Lion Future Earnings Per Share Growth

Lion Future Earnings Per Share Growth

Risks

What could happen that would invalidate this narrative?
  • The company's reliance on continued overseas growth, especially in challenging markets like China, could face risks due to potential regulatory changes or shifts in consumer behavior, impacting revenue growth projections.
  • The planned shift from lower-margin products like detergents to higher-margin products like Oral Health Care requires significant investment and market acceptance, creating execution risks that might affect target net margins.
  • The target to achieve high EBITDA margins by improving operational efficiency, especially amidst fluctuating raw material costs, may not materialize if cost reductions and streamlined processes lag, impacting earnings.
  • The lack of specific profit targets for 2030 and a more flexible goal-setting approach may signal uncertainties in achieving ambitious financial aims like a 16% EBITDA margin, raising questions about long-term profitability and shareholder value.
  • The discontinuation of certain products, such as specific fabric care items, while aimed at improving the product mix, could initially result in a decline in sales volume and affect short-term revenue targets if not managed effectively.

Valuation

How have all the factors above been brought together to estimate a fair value?
  • The analysts have a consensus price target of ¥1983.75 for Lion based on their expectations of its future earnings growth, profit margins and other risk factors.
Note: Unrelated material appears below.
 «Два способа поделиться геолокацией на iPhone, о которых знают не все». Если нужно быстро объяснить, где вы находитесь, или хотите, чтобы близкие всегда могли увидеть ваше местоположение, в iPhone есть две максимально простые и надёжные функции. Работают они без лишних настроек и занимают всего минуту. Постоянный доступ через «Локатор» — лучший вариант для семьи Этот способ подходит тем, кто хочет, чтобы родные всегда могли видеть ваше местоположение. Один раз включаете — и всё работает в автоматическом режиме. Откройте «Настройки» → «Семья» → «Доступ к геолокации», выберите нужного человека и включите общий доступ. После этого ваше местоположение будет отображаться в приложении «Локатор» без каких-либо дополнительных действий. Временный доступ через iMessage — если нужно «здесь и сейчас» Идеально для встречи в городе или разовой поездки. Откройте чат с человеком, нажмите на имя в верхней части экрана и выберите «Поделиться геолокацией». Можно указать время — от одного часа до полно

However, there is a degree of disagreement amongst analysts, with the most bullish reporting a price target of ¥2220.0, and the most bearish reporting a price target of just ¥1800.0.
  • In order for you to agree with the analyst's consensus, you'd need to believe that by 2028, revenues will be ¥448.2 billion, earnings will come to ¥26.2 billion, and it would be trading on a PE ratio of 23.9x, assuming you use a discount rate of 4.6%.
  • Given the current share price of ¥1750.5, the analyst price target of ¥1983.75 is 11.8% higher.
  • We always encourage you to reach your own conclusions though. So sense check these analyst numbers against your own assumptions and expectations based on your understanding of the business and what you believe is probable.
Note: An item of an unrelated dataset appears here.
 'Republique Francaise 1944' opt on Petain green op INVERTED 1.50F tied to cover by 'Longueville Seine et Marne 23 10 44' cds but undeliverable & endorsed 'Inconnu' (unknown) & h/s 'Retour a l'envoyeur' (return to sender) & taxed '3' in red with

How well do narratives help inform your perspective?

Disclaimer

Warren A.I. is a tool utilizing a Large Language Model (LLM) that ingests data on consensus price targets, forecasted revenue and earnings figures, as well as the transcripts of earnings calls to produce qualitative analysis. The narratives produced by Warren A.I. are general in nature and are based solely on analyst data and publicly-available material published by the respective companies. These scenarios are not indicative of the company's future performance and are exploratory in nature. Simply Wall St has no position in the company(s) mentioned. Simply Wall St may provide the securities issuer or related entities with website advertising services for a fee, on an arm's length basis. These relationships have no impact on the way we conduct our business, the content we host, or how our content is served to users. The price targets and estimates used are consensus data, and do not constitute a recommendation to buy or sell any stock, and they do not take account of your objectives, or your financial situation. Note that Warren A.I.'s analysis may not factor in the latest price-sensitive company announcements or qualitative material.